◆ **Goal of the exercise**: From the line that holds "outras atividades domésticas." down to the last line of the listing below, reproduce each line exactly and nothing more, omitting pictures.

◆ **Information provided**:
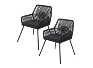 Juskys Rope Gartenstühle Kastos 2er Set – Outdoor Stuhl 150 kg belastbar – Gartenstuhl Schwarz
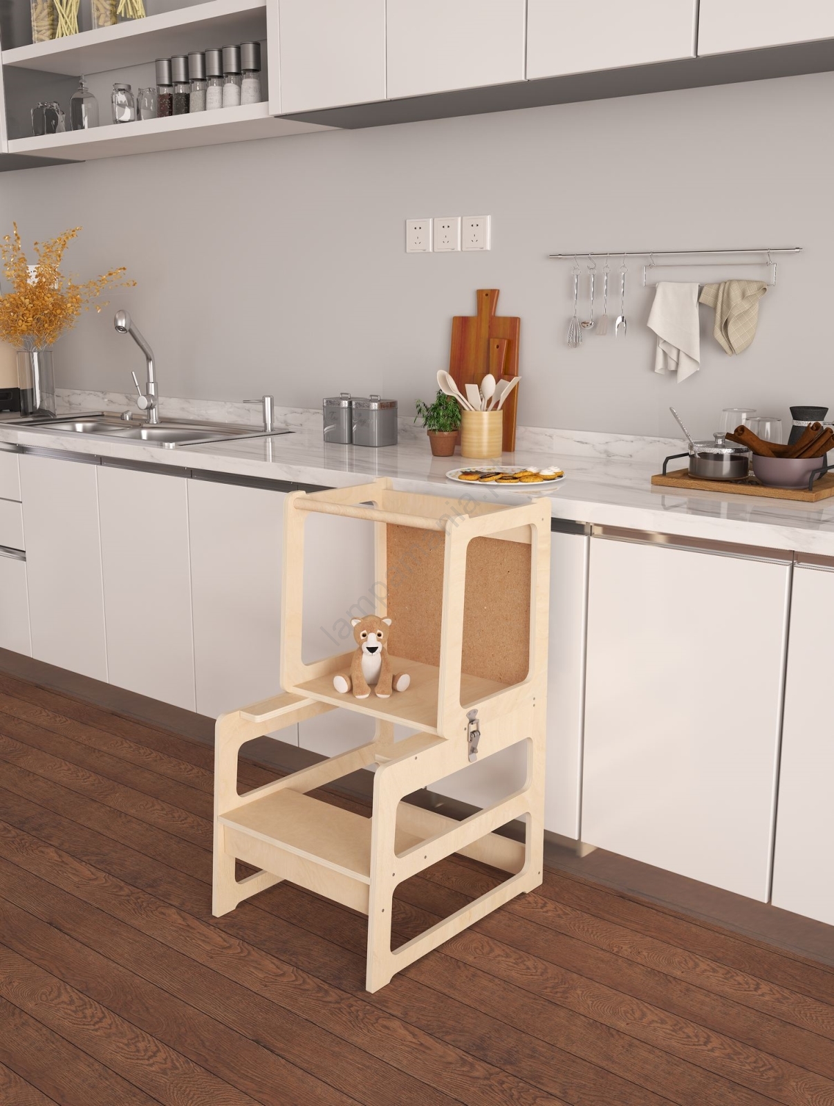 • A torre de aprendizagem infantil permite que as crianças pequenas participem com segurança em cozinhar, assar e outras atividades domésticas.
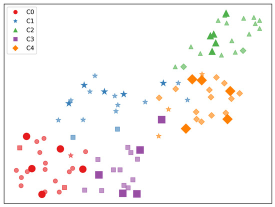 In this section, the visualization in the embedding space investigates the association between UQS and QS. We employ UMAP [35], a popular non-linear dimension reduction technique commonly used to visualize the embeddings of examples. UMAP makes us identify the relationship between the pseudo-labelled UQS and the SS of the same class. The UMAP for miniImageNet is visualized in Figure 3. This is for five-way 5-shot classification. With each colour indicating the class indicated by the PL, the geometric figures represent distinct GT classes. The support set (SS) is represented by figures that are larger in size and have a darker colour, while the query set (QS) is represented by smaller figures with a lighter colour. For instance, a sample in the QS can be depicted in blue (representing C1) and circle shape (representing C0), if it has a GT label of C0 and a PL of C1. Figure 3 reveals that majority of samples in the UQS are located near the SS of each ground truth label. Additionally, it is observed that the PLs align with the corresponding GT labels. This indicates that by constructing task-specific graphs, TSPL achieves effective pseudo labelling, thereby yielding positive outcomes for adaptation.
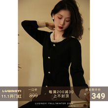 鹭青一【遗珠】黑色连衣裙女秋冬新款重工法式小黑裙复古针织长裙¥399

◆ **Output below**:
 • A torre de aprendizagem infantil permite que as crianças pequenas participem com segurança em cozinhar, assar e outras atividades domésticas.
 In this section, the visualization in the embedding space investigates the association between UQS and QS. We employ UMAP [35], a popular non-linear dimension reduction technique commonly used to visualize the embeddings of examples. UMAP makes us identify the relationship between the pseudo-labelled UQS and the SS of the same class. The UMAP for miniImageNet is visualized in Figure 3. This is for five-way 5-shot classification. With each colour indicating the class indicated by the PL, the geometric figures represent distinct GT classes. The support set (SS) is represented by figures that are larger in size and have a darker colour, while the query set (QS) is represented by smaller figures with a lighter colour. For instance, a sample in the QS can be depicted in blue (representing C1) and circle shape (representing C0), if it has a GT label of C0 and a PL of C1. Figure 3 reveals that majority of samples in the UQS are located near the SS of each ground truth label. Additionally, it is observed that the PLs align with the corresponding GT labels. This indicates that by constructing task-specific graphs, TSPL achieves effective pseudo labelling, thereby yielding positive outcomes for adaptation.
 鹭青一【遗珠】黑色连衣裙女秋冬新款重工法式小黑裙复古针织长裙¥399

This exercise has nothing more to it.